Когда он стал лягушкой, Дороерей самораспался и исчез, превратился в чудовище огромного размера, которое нависло надо мной в виде темной горы и, когда разговаривало со мной, надувало огромный пузырь — аэростат на горле, и дышало на меня переливчатым детским голосом. Это дыхание-трель было мощным, по-семейному теплым, ароматным.

Поистине райское блаженство — быть сытым, не питаясь, — исключительное было положение у твари перед Творцом, быть свободным от ежедневного добывания пищи в поте лица своего. Безглазое, безротое, безухое существование Дороерея истинно можно было называть райским, как у ангелов — до грехопадения некоторых из них и беспощадного выдворения из рая.

Итак, рождение самого себя из головастика для Омидячереячи, лягушки, было равно изгнанию ангела из рая. Но если демонизированный таким образом ангел знал, за что он подвергнут изгнанию, — Омидячереяча не подозревала даже, какую провинность она свершила, будучи изгнанною из головастиков в лягушки. Глядя на море выпученными, размером с башенные часы, задумчиво-туманными глазами, чудовищная лягушка выпустила последнюю нежную руладу своего трюлюлюканья — и пузырь на горле, под нижней губою, у нее опал.
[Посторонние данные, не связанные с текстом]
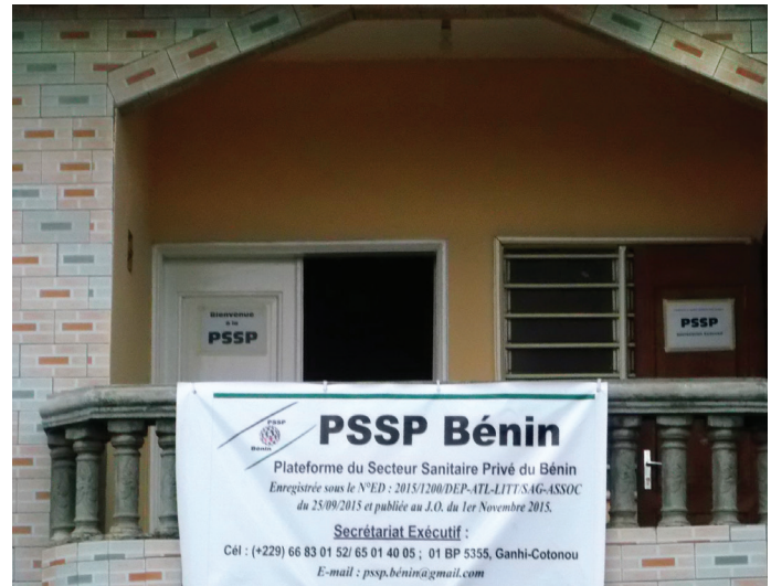
Headquarters for The Benin Private Health Sector Platform

The private health sector in Benin has grown significantly over the past 20 years and is recognized as an important player in service delivery in Benin’s health sector national development plan (2009-2018). In 2013, USAID’s Strengthening Health Outcomes through the Private Sector (SHOPS) project conducted an assessment of Benin’s private health sector, highlighting both the strengths and the weaknesses inherent in this sector. 1 Per the assessment findings, the sector has (i) a regulatory framework that’s not conducive to growth, (ii) weaknesses in the general administration of health institutions (iii) limited capacity or lack of conformity with clinical standards, (iv) weak ties to the public sector and (v) high costs. This situation limits equal access to health services despite the operational capacity for the private health sector to cover 66% of health services (compared to 65% for the public health sector). 2 The SHOPS project also conducted a census on Benin’s private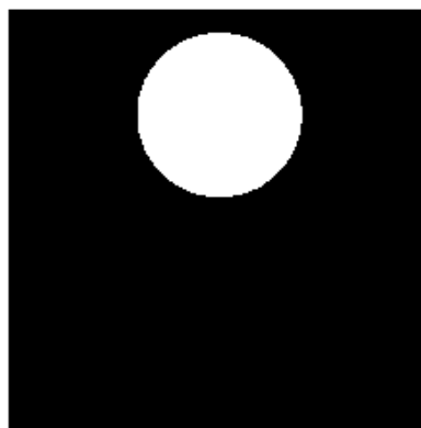
Figure 2: Binary circle example.

Think of a formula describing the circle with respect to pixel coordinates. Make yourself familiar with np.meshgrid .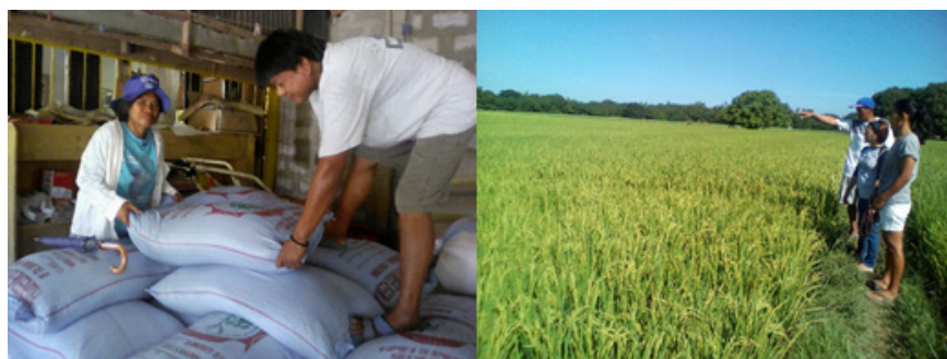
Figure 7. Activities conducted: (a) Distribution of certified seeds to farmer-cooperators and (b) Field monitoring and evaluation.

Я не стал допытываться у лягушки, запомнила ли она свое райское существование головастиком, потому что видел перед собою самого успешного жителя водного Миросвета, для которого пища насущная, желудочная, находилась сразу в двух измерениях: надводном и подводном. Такому незачем было помнить о том существовании, когда не нать было есть, потому что нечем: рта у головастика почти не было, просто дырочка, намек на него. А в настоящем у Омидячереячи был широкий огромный рот, в который я мог бы свободно влетать, широко раскинув руки, — если бы они были у меня и если бы я мог летать.

Александр во мне решительно отказывался от бессмысленного пребывания вне материи, причем между ним и мною ничегошеньки не стояло, не звучало, не маячило, не кукарекало, не квакало — и одна лишь гороподобная темная лягушка, закрывшая полнеба передо мною, ведала о моем существовании.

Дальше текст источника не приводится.